La presidente della Commissione europea Ursula von der Leyen (al centro) con i co-organizzatori della conferenza dei donatori: il primo ministro polacco Mateusz Morawiecki (a sinistra) e la prima ministra svedese Magdalena Andersson (a destra). [EPA-EFE/Rafal Guz POLAND OUT]

La Commissione europea ha confermato mercoledì 4 maggio la preparazione di un piano d’azione per la ricostruzione dell’Ucraina una volta terminato il conflitto armato. Annunciati anche altri 200 milioni di euro di aiuti per i rifugiati, nell’ambito degli oltre 6 miliardi raccolti dalla conferenza dei donatori a Varsavia.

“Il nuovo pacchetto dovrebbe portare massicci investimenti per rispondere alle esigenze e alle riforme necessarie”, ha dichiarato la presidente della Commissione Ue Ursula von der Leyen. “Vogliamo che l’Ucraina vinca questa guerra, ma anche fissare le condizioni perché il Paese abbia successo in seguito”, ha proseguito.

Non è ancora chiaro cosa potrebbe essere incluso in un simile pacchetto di ripresa. Ad aprile, il presidente della Banca europea degli investimenti Werner Hoyer aveva avvertito che la ricostruzione del Paese avrebbe richiesto grandi investimenti pubblici e privati.

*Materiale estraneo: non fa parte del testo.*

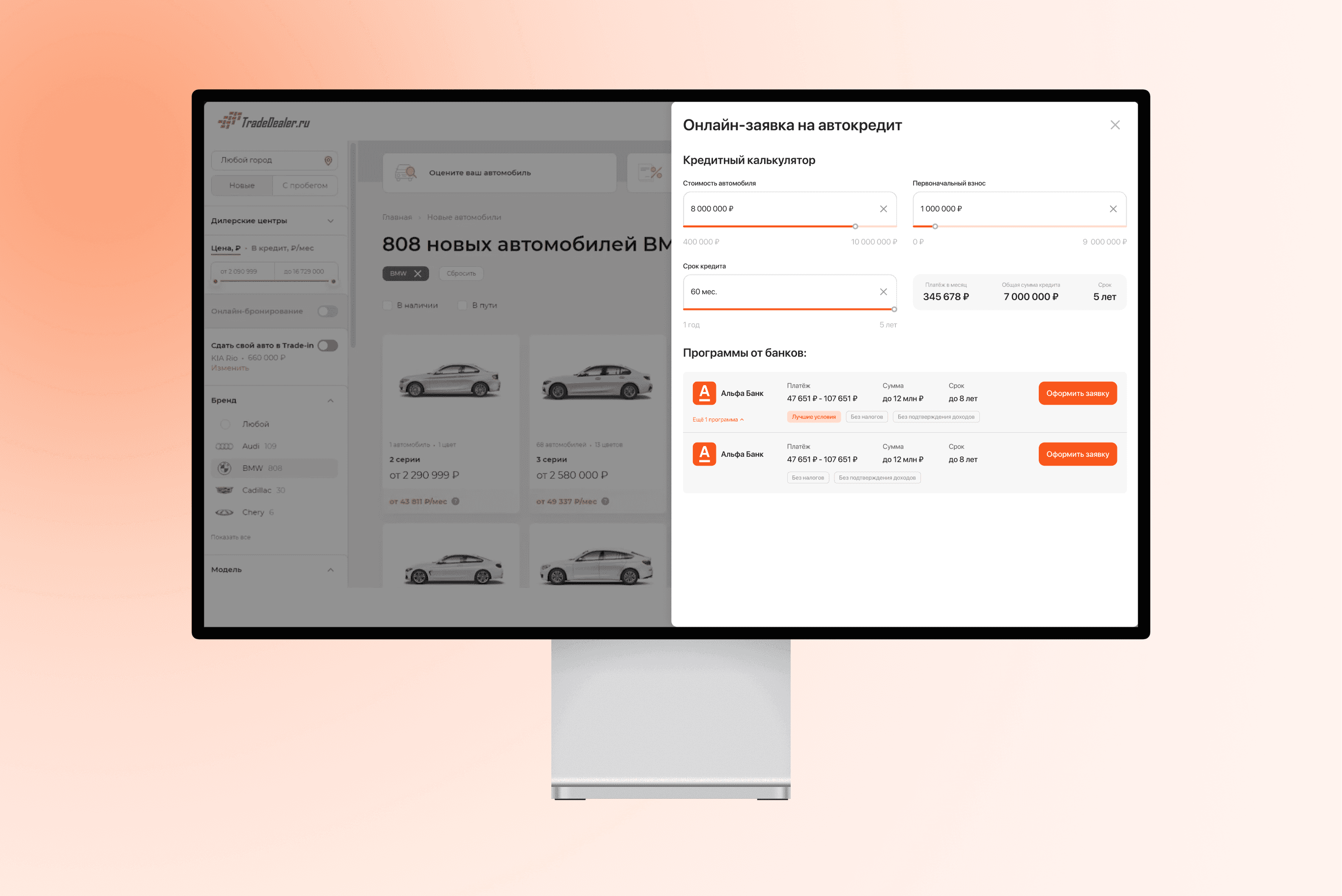 Я отвечал за анализ пользовательского пути, проектирование кредитного калькулятора и редизайн формы подачи заявки на автокредит.
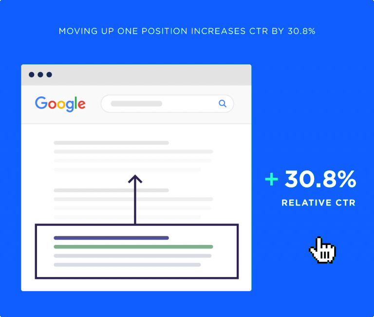 在所有條件都相同的情況下,在Google中排名上升一個位置可使相對點擊率提高30.8%。
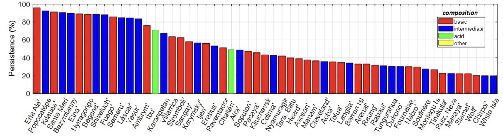 The persistence can come in different ways. A lava lake is a big help. An open conduit can act as well (Yasur). Finally, a lava dome also creates persistence, as seen for Popocatépetl.
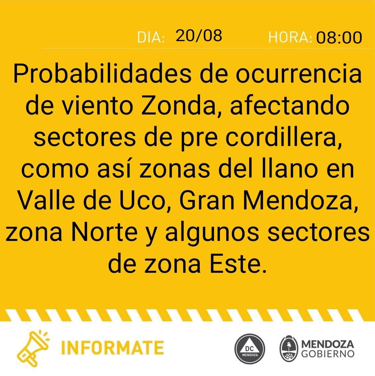 Más allá de que el Zonda está pronosticado para la zona precordillerana, hay posibilidades concretas de que baje al llano a partir de las primeras horas de la tarde de este domingo, provocando inestabilidad con aumento de la nubosidad y una temperatura máxima que podría superar los 20º.
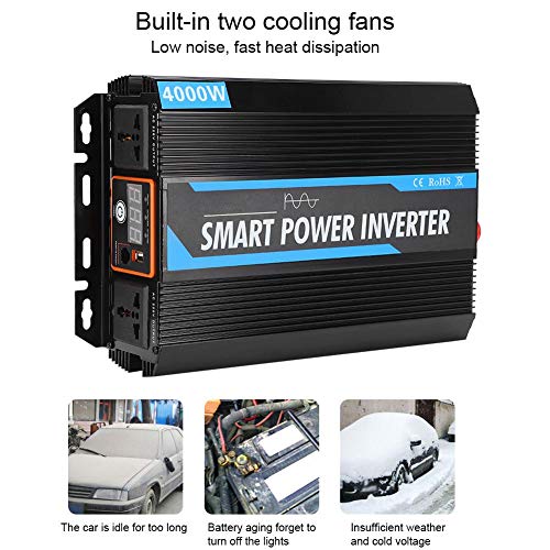 Convertitore di corrente per auto portatile, trasformatore di tensione inverter a onda sinusoidale pura da DC 12V a AC220V 4000W universale per auto
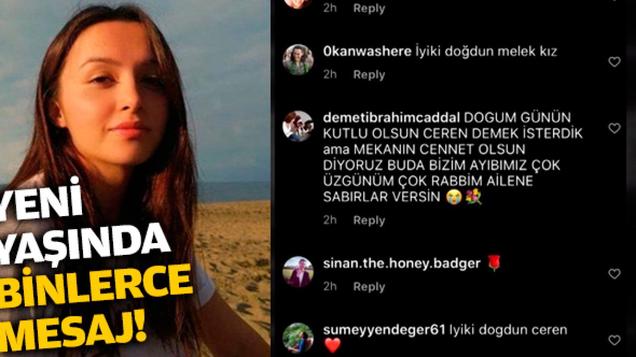 Ceren Özdemir, yaşasaydı bugün 21'inci yaşını kutlayacaktı. Ölümü ile Türkiye'yi yasa boğan Ceren'den geriye arkadaşlarına bıraktığı 'Hediye almayın, ama doğum günümü unutmayın' mesajları kaldı. Sosyal medya hesaplarına binlerce takipçi, mesajlar atararak Ceren'in doğum gününü kutladı. Mesajlarda, 'Seni koruyamadık, bizi affet, doğum günün kutlu olsun', 'İyi ki doğdun melek yüzlü melek', 'İyiki doğdun prenses' gibi ifadelere yer verildi.
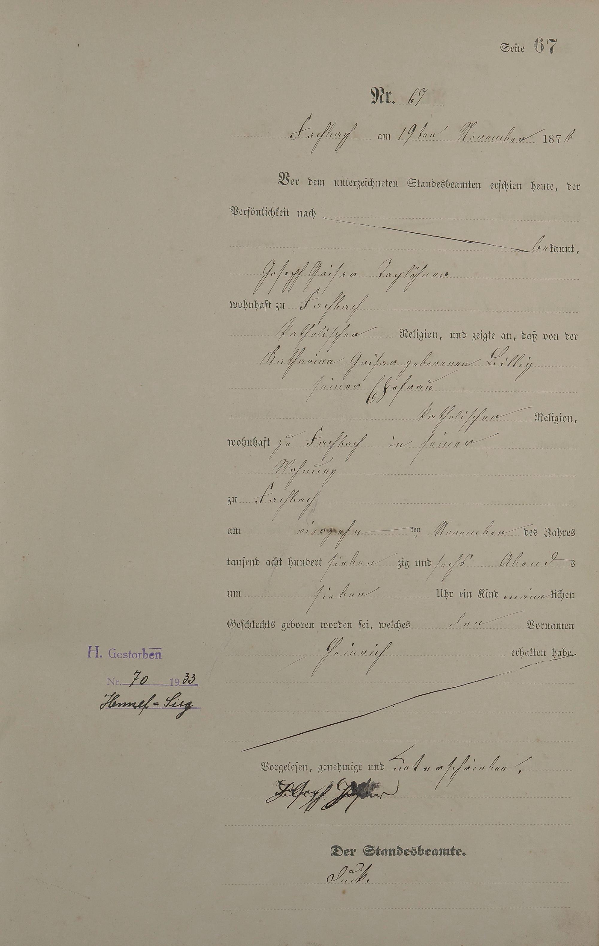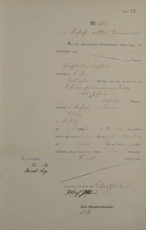 Geburtsregister 1876
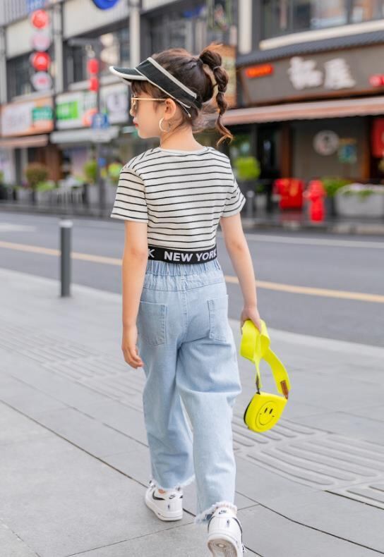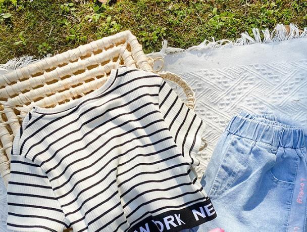 2点セット】新作 子供服 ベビー服 アパレル 半袖 ボーダー tシャツ +ジーンズ 女の子
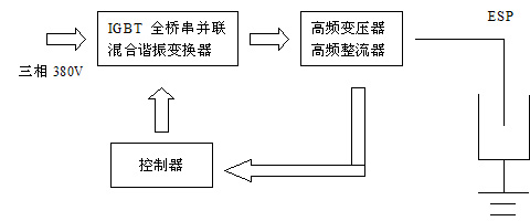 电除尘用高频高压整流设备(简称高频电源)将工频三相交流电源整流后经高频逆变、升压、二次整流后变换成直流负高压输出,可配套各类除尘设备广泛应用于电力、冶金、建材、轻工、化工等众多行业的烟气粉尘治理,是一种高效的除尘、保护环境的重要设备。该产品具有输出纹波小、平均电压电流高、转换效率与功率因数高、采用三相电源对电网影响小、体积小、重量轻、设备成套一体化等多项显著优点,它的研制成功实现了电除尘器配套电源技术水平质的飞跃,是我公司充分利用多年电除尘配套电源研发、生产及应用经验,完全依靠自主创新在电除尘器供电前沿技术方面取得的又一项高新技术产品,并具有完全自主知识产权。经鉴定该成果属国内首创,达到国际先进水平。
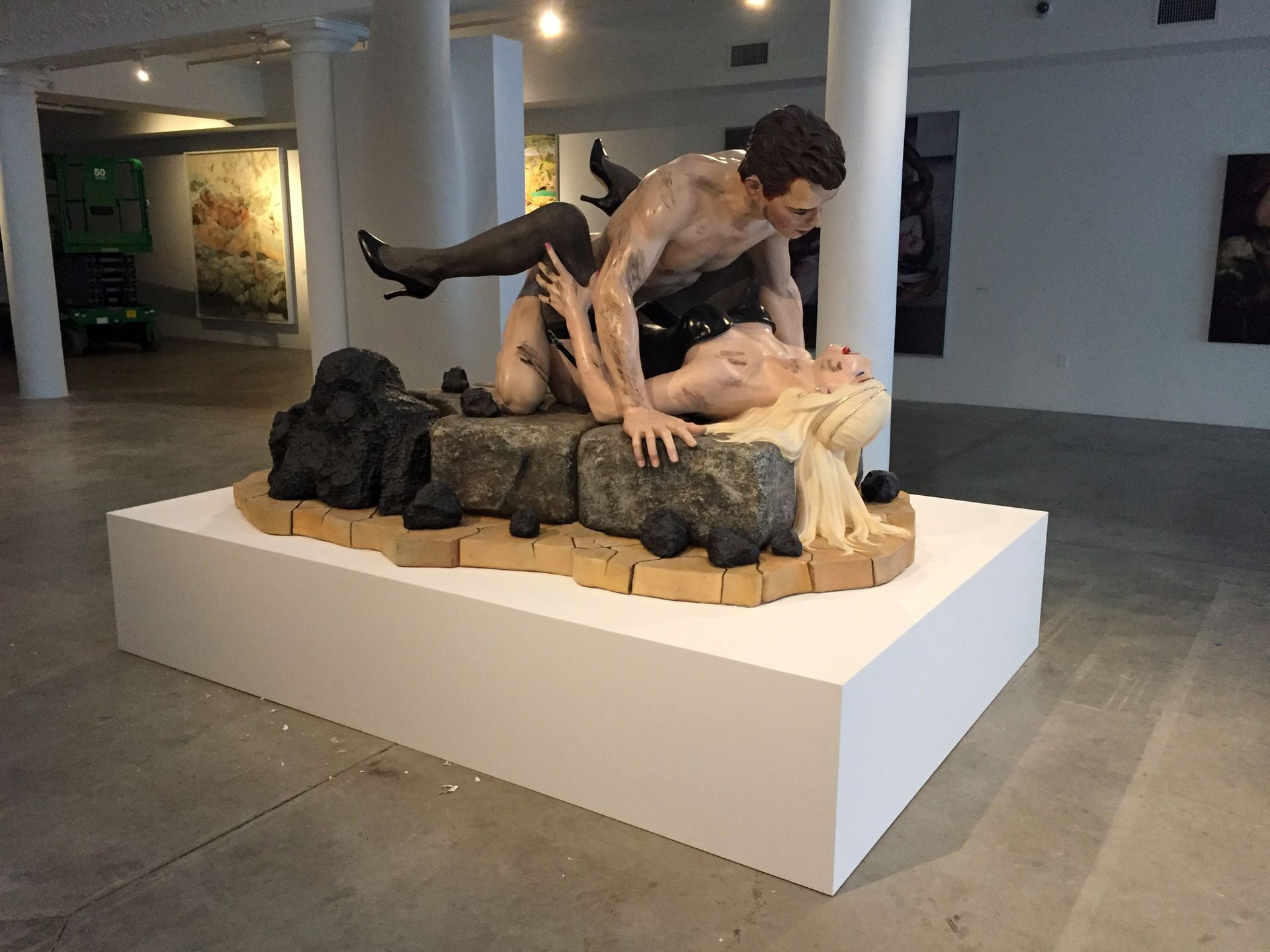 There are all sorts of racy works in Desire (until 4 December), a show at the Moore building in the Design District, co-organised by the dealer Larry Gagosian and the art-world stalwart Jeffrey Deitch. Diana Widmaier-Picasso, the granddaughter of the Spanish artist, has brought together works by more than 50 artists that explore “Modern and contemporary approaches to eroticism in art”. More prudish visitors might be shocked by Richard Prince’s Spiritual America (1983), a highly provocative image showing a ten-year-old Brooke Shields naked and heavily made up. (Tate Modern withdrew the piece from an exhibition in 2009.) A visitor to the private view was also taken aback by Jeff Koons’s physique, as seen in his 1991 sculpture Dirty—Jeff on Top (1991). The piece, on loan from a private German collection, shows the athletic artist having sex with his ex-wife, La Cicciolina. And Koons’s virile appendage certainly got the crowds talking at the VIP preview, with one guest overheard exclaiming: “That is one mighty fine wiener he’s got there.”
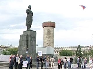 На площади была установлена бутафорская заправочная колонка в виде человека, к виску которого был приставлен пистолет подачи топлива. В ходе пикета несколько человек подожгли этот макет, а потом разломали то, что не успело сгореть, сообщает "Интерфакс".
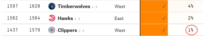 24直播网讯04月26日,NBA安排了三场季后赛大战,快船老鹰森林狼都面临1-3的绝境,其中,快船最不被看好。知名数据网站FiveThirtyEight列出了三队的晋级概率,森林狼4%,老鹰2%,快船最被看衰,只有1%。乔治和莱昂纳德将继续因伤缺席G5的比赛,而在赛前,乔治接受了记者采访,把莱昂纳德称为“战士”,希望威少下赛季能继续留在快船。
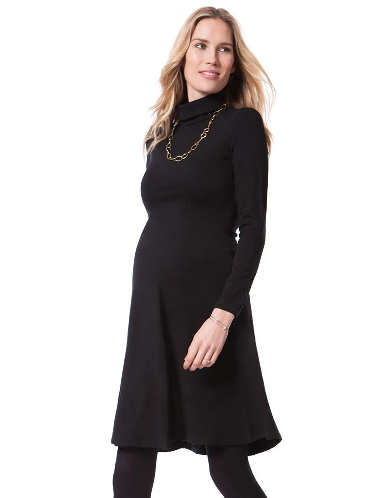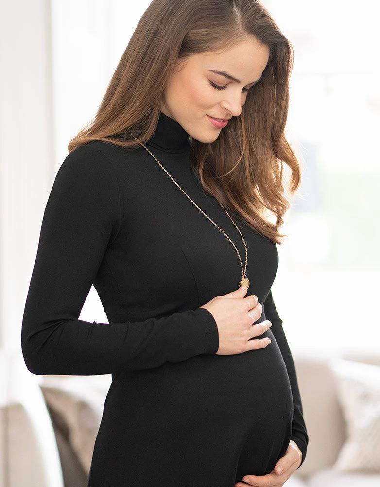 Élégante, chic, classique, cette robe de grossesse col roulé noire est un indispensable de mode. Son tissu Ponte di Roma luxueux et sa coupe gracieuse sauront mettre en valeur votre silhouette, à toutes les étapes de votre grossesse. Portée par Kate Middleton, elle évoque royauté et délicatesse, et vous embellit comme aucune autre.

“Se riusciremo alla fine a ricostruire l’Ucraina, avremo a che fare con cifre oltre ogni immaginazione nel momento attuale”, ha detto. Uno studio recente del Centro di ricerca di politica economica (Cepr) ha stimato il costo della guerra tra 200 e 500 miliardi di euro. I soli danni alle infrastrutture sarebbero pari ad almeno 60 miliardi, secondo la Banca mondiale.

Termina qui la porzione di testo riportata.